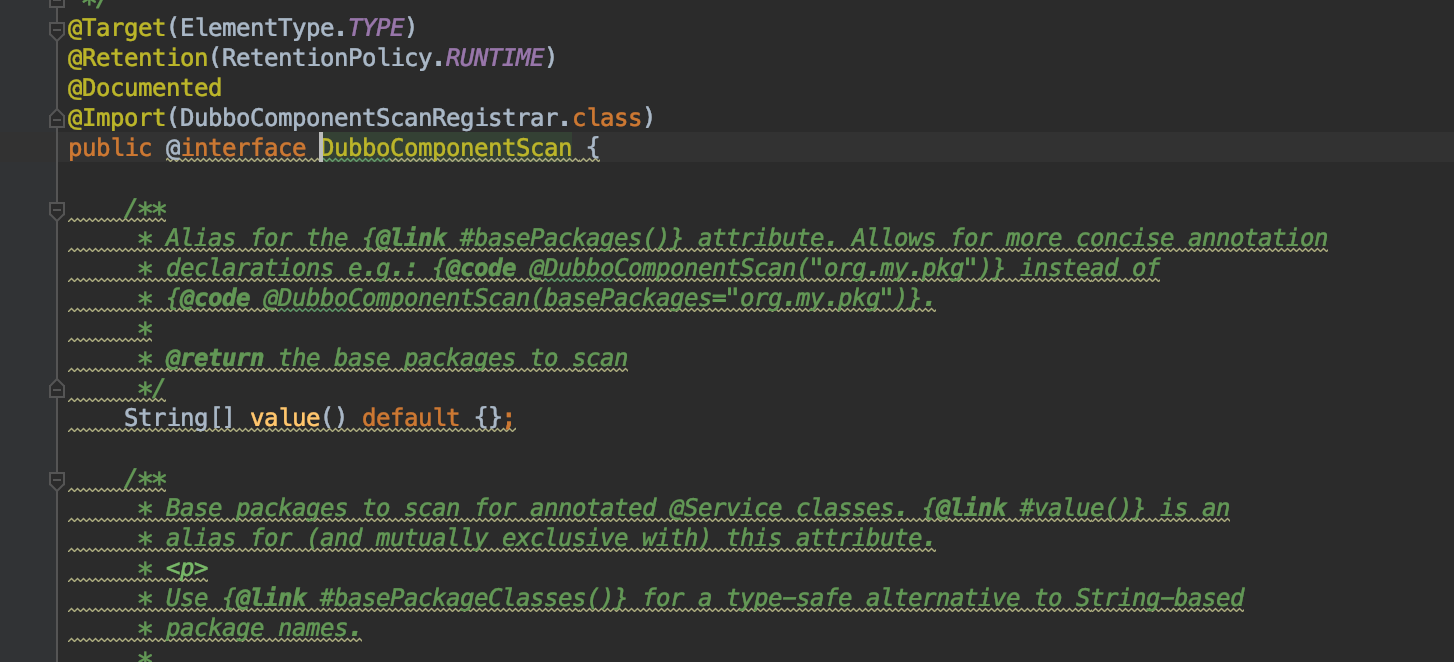 这里通过@Import注解,引入DubboComponentScanRegistrar对象实现ServiceBean的BeanDefinition的Bean的注册.
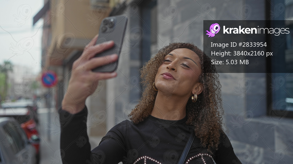 Tall transgender woman holds smartphone at arm’s length smiling on street wearing hoop earrings; confidence.
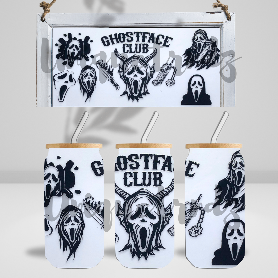 Horror Movie Ghost Killer Club 16oz Glass Cup
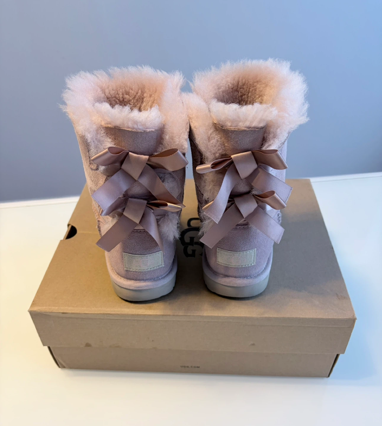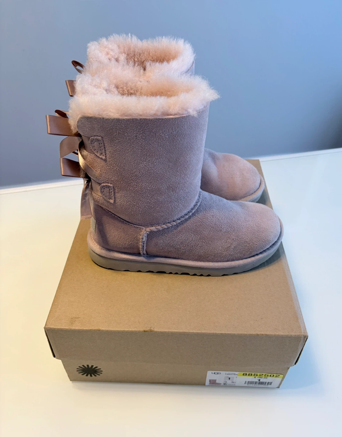 Selling a pair of UGG Mini Bailey Bow II boots in a lovely pink colour! These are a size 1 (USA) and come with the original box. They're in great condition and ready for a new owner!
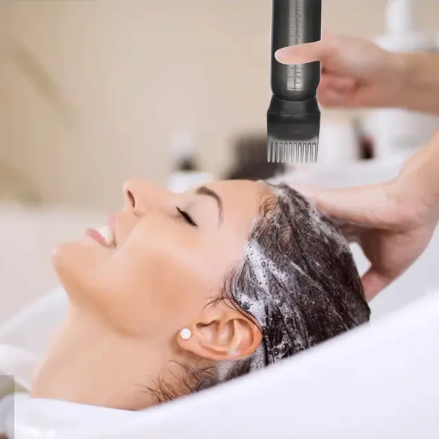 Enostavnost uporabe: Steklenička za nanašanje je zasnovana za enostavno in nezahtevno uporabo. Preprosto napolnite stekleničko z izbrano barvo za lase ali tretmajem in jo nato razčešite po laseh.
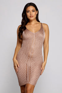 You'll look like a total gorgeous goddess in this sultry metallic mini dress! It features a sleeveless V-neckline, thin shoulder straps, a backless design, a mini-length, curve-hugging silhouette, and a metallic sweater knit fabric with center seam detailing down the front. Style this dress with gold hoop earrings and clear heels for a sexy summer look.
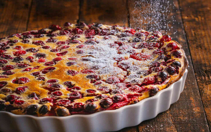 Originating in the Limousin region, clafoutis is a rustic dessert made by baking fresh fruit—traditionally black cherries—in a flan-like batter.
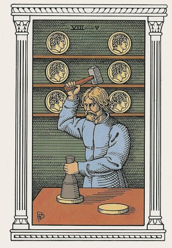 The 8 of Pentacles is about keeping up the hard work you're doing, and trying to be happy about doing that work at the same time. While the 3 of Pentacles is about completing a masterpiece, the 8 of Pentacles is about doing the apprentice work that makes you a master of your trade.
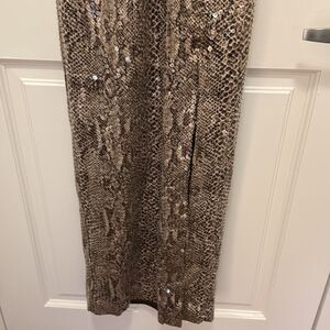 Designer evening gown in brown & white snake print with scattered clear sequins. Features halter neckline, high front slit, back zipper & full lining.
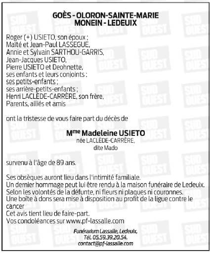 et de partager l'avis de décès de Marie, Madeleine.
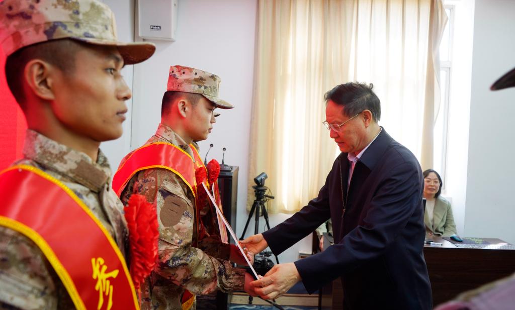 李文喜在讲话中对同学们通过层层选拔成为预征新兵表示祝贺,并代表学校提出三点希望:一是要做一名忠于党、忠于祖国的好战士,圆满完成党和人民赋予的使命和任务。要时刻牢记习近平总书记提出的“建设一支听党指挥、能打胜仗、作风优良的人民军队”的总体要求,热爱伟大祖国,胸怀忧国忧民之心、爱国爱民之情,不断奉献祖国、奉献人民、奉献军队;要心怀担当,开拓进取,在实现中华民族伟大复兴强军梦的同时把自己融入到实践中,与时代同行、与祖国共进,在强军报国的新征程上作出枣院学子应有的贡献。二是要磨练意志,锤炼品质,主动迎接各种困难和挑战,在不断战胜自我的过程中实现自己的梦想。同学们在接下来的军旅生活中,要时刻牢记对祖国和人民的责任担当,敢于面对各种困难和挫折,自觉培养不畏艰难、顽强奋进的意志品质,勇做走在时代前列的奋进者、开拓者、奉献者,树立崇高的理想信念和赤胆忠心的爱国情怀,敢于开拓创新,在劈波斩浪中开拓前进,在披荆斩棘中开辟天地,在攻坚克难中创造业绩,为巩固国防建设、维护领土主权做出贡献,争取早日立功受奖。三是要牢记永利总站ylzz55“兼爱、尚贤、博物、戴行”的校训,建功立业,为校争光。要持续加强政治知识、军事知识的学习,加强思想作风、意志品质的淬炼,加强爱国情怀、远大理想的培树,让枣院精神在军营闪光,为学校争光添彩,努力成为一名政治合格、军事过硬的复合型人才,成为一名有担当、有责任的优秀青年。
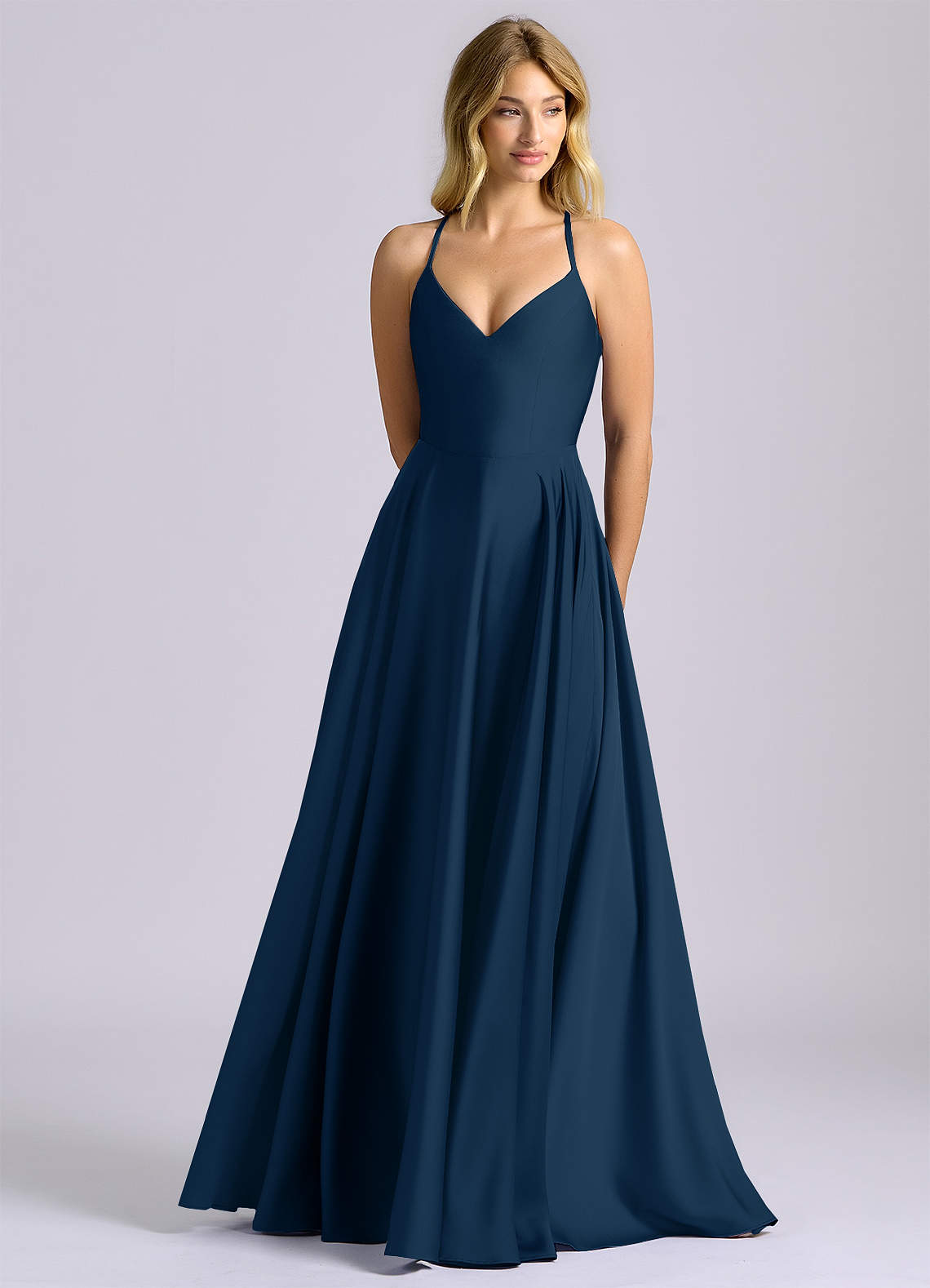 Dark Navy A-Line Stretch Satin Dress
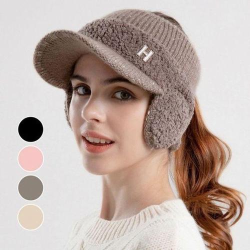 [에이치플러스몰]ON269 방한 니트 스타일 썬캡 귀도리 귀돌이 모자 선

****

§ **THE TASK**
In the material above, one part opens with the line containing "Designer evening gown" and closes with the line containing "et de partager". Write out that part exactly and skip its pictures.

§ **RESULT**
 Designer evening gown in brown & white snake print with scattered clear sequins. Features halter neckline, high front slit, back zipper & full lining.
 et de partager l'avis de décès de Marie, Madeleine.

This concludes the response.